The Pesquet’s parrot is a large parrot with a total length of approximately 46 cm (18 in) and a weight of 680–800 g (24–28 oz). Its plumage is black, with greyish scaling to the chest, and a red belly, uppertail coverts and wing-panels. The adult male has a red spot behind the eye, which is not seen in the adult female. Compared to most other parrots it appears unusually small-headed, in part due to the bare black facial skin and the relatively long, hooked bill.
The Pesquet’s parrot is considered a highly specialized frugivore, which feeds almost entirely on a few species of figs. Flowers and nectar have also been reported. Researchers believe that the bare part of the head is an adaptation which developed to avoid feather-matting from sticky fruits. Little is known about its breeding habits in the wild.
New Guinea is a large island separated by a shallow sea from the rest of the Australian continent. It is the world’s second-largest island, after Greenland, covering a land area of 785,753 km2 (303,381 sq mi), and the largest wholly or partly within the Southern Hemisphere and Oceania.

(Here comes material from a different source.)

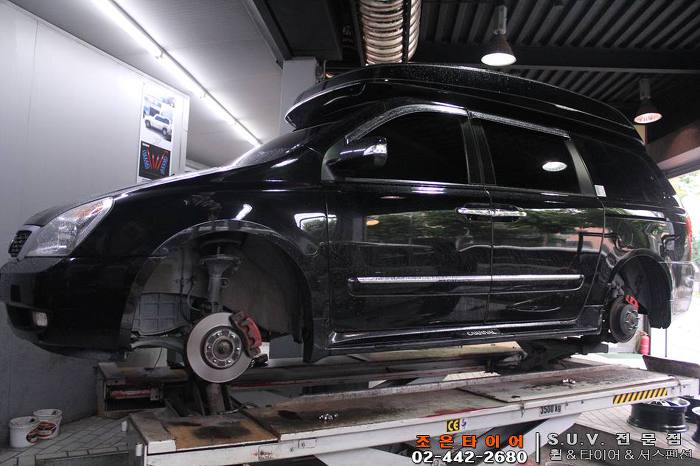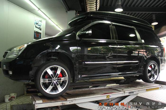 그랜드 카니발 휠튜닝 작업을 위해 매장에 입고가 되었구요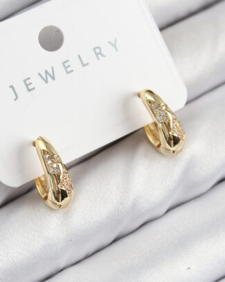 Pirinç Zirkon Taşlı Kıvrımlı Model Gold Renk Kadın Küpe

New Guinea has an immense biodiversity, containing between 5 and 10 percent of the total species on the planet. This percentage is about the same amount as that found in the United States or Australia. A high percentage of New Guinea’s species are endemic, and thousands are still unknown to science: probably well over 200,000 species of insect, between 11,000 and 20,000 plant species, and over 650 resident bird species.
In the period from 1998 to 2008, conservationists identified 1,060 new species in New Guinea, including 218 plants, 43 reptiles, 12 mammals, 580 invertebrates, 134 amphibians, 2 birds and 71 fish. New Guinea has 578 species of breeding birds, of which 324 species are endemic.